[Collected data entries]
□ □ □ □

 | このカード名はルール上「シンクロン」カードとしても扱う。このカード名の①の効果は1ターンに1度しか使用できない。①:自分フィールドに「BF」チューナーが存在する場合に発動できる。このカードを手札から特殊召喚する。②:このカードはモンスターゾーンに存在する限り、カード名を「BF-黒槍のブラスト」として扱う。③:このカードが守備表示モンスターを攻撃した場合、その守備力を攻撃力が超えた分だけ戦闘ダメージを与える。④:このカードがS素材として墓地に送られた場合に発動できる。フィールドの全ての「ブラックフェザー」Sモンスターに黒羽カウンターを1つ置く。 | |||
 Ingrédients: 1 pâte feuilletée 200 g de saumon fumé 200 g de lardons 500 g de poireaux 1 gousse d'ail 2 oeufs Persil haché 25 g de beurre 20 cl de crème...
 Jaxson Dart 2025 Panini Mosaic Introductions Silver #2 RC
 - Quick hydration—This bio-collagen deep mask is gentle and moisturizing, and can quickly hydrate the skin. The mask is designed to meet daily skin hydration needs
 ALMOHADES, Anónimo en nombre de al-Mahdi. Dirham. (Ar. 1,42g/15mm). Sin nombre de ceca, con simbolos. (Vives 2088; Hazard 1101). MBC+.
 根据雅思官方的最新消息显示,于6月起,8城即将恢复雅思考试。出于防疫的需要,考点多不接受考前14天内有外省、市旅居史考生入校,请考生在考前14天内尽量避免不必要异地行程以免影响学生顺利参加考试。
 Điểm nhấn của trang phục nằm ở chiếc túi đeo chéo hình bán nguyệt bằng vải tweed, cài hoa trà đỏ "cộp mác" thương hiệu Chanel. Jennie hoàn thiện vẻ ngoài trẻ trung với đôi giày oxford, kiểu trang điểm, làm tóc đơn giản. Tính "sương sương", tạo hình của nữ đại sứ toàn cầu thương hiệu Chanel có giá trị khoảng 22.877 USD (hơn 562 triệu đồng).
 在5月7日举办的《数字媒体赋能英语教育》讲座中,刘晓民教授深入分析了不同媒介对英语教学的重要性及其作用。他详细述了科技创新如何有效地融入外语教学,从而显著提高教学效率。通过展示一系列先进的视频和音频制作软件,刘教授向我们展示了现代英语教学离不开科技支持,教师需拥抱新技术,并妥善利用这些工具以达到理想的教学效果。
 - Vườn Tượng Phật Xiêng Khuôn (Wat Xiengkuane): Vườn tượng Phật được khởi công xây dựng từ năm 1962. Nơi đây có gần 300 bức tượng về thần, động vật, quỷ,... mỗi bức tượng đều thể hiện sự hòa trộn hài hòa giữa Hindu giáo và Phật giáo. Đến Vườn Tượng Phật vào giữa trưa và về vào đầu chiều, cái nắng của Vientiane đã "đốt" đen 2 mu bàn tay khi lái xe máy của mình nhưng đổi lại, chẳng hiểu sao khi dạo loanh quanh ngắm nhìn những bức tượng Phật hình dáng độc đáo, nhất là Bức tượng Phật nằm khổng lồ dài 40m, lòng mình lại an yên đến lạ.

□ □ □ □

■ **Your goal**:
Please tally the lines of the entries that hold "hình" and give only the resulting number.

■ **Answer box**:
2